Directions: Output exactly, and only, the lines below from the one with "- stolná lampička" down to the one with "Soft Works II". Include both end lines and no pictures.

Exercise input:
• • •
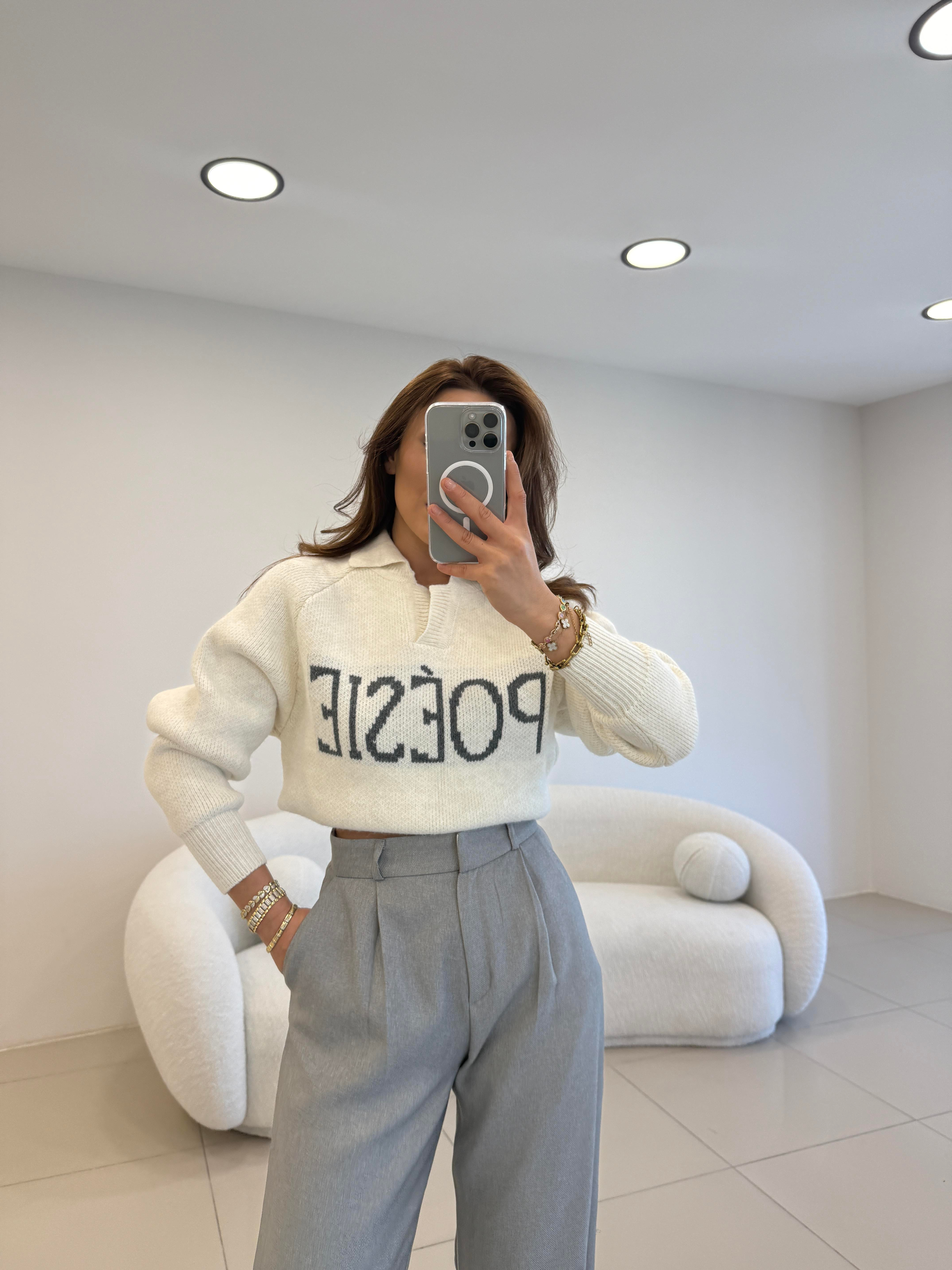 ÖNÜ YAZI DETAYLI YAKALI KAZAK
• • •
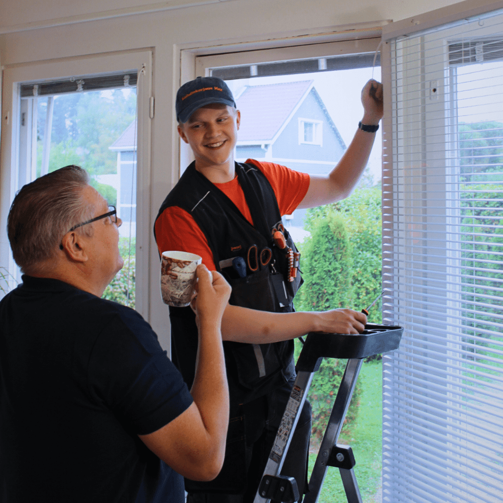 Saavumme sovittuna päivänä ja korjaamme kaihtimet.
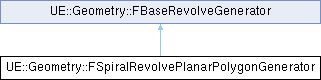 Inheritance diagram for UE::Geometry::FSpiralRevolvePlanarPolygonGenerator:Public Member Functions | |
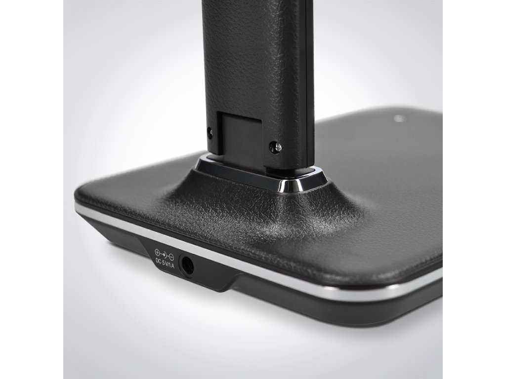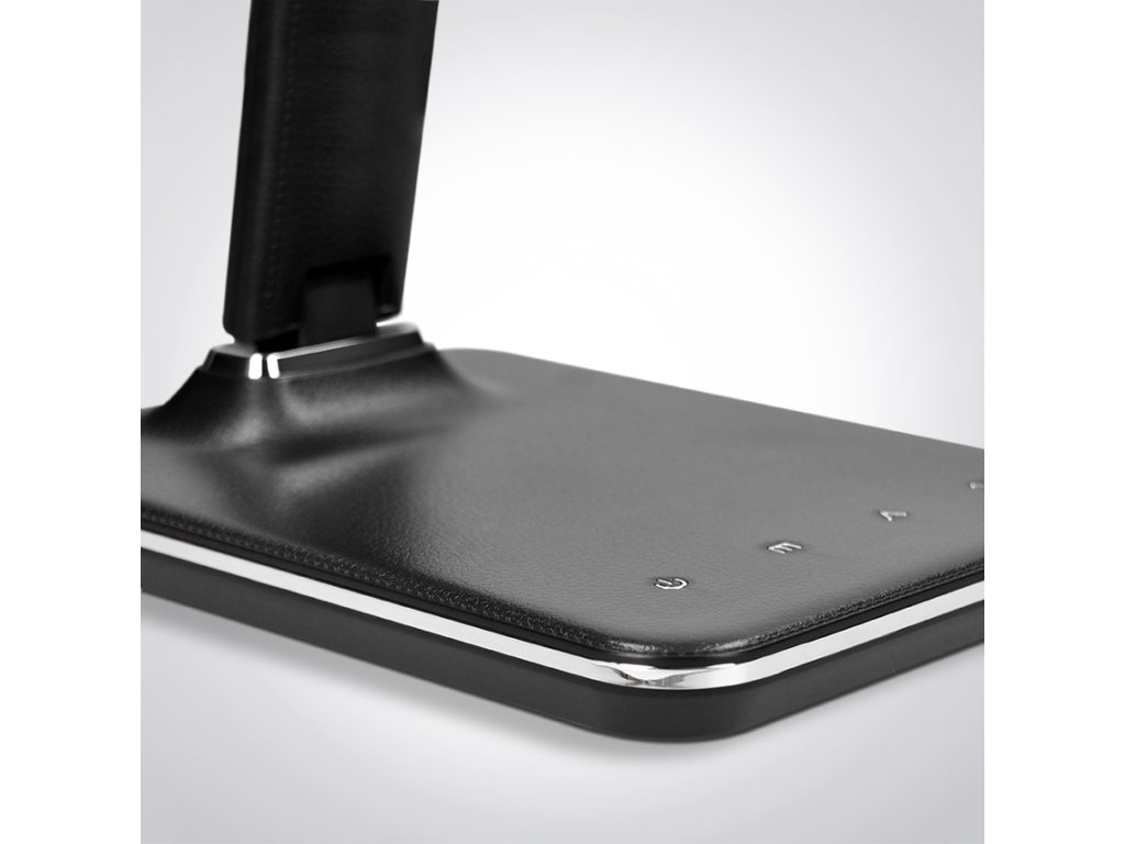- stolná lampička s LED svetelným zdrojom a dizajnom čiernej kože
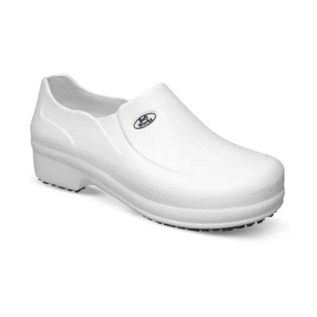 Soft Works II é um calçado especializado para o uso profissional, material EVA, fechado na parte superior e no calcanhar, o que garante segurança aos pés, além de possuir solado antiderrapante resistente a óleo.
• • •
Reply to the task:
- stolná lampička s LED svetelným zdrojom a dizajnom čiernej kože
 Soft Works II é um calçado especializado para o uso profissional, material EVA, fechado na parte superior e no calcanhar, o que garante segurança aos pés, além de possuir solado antiderrapante resistente a óleo.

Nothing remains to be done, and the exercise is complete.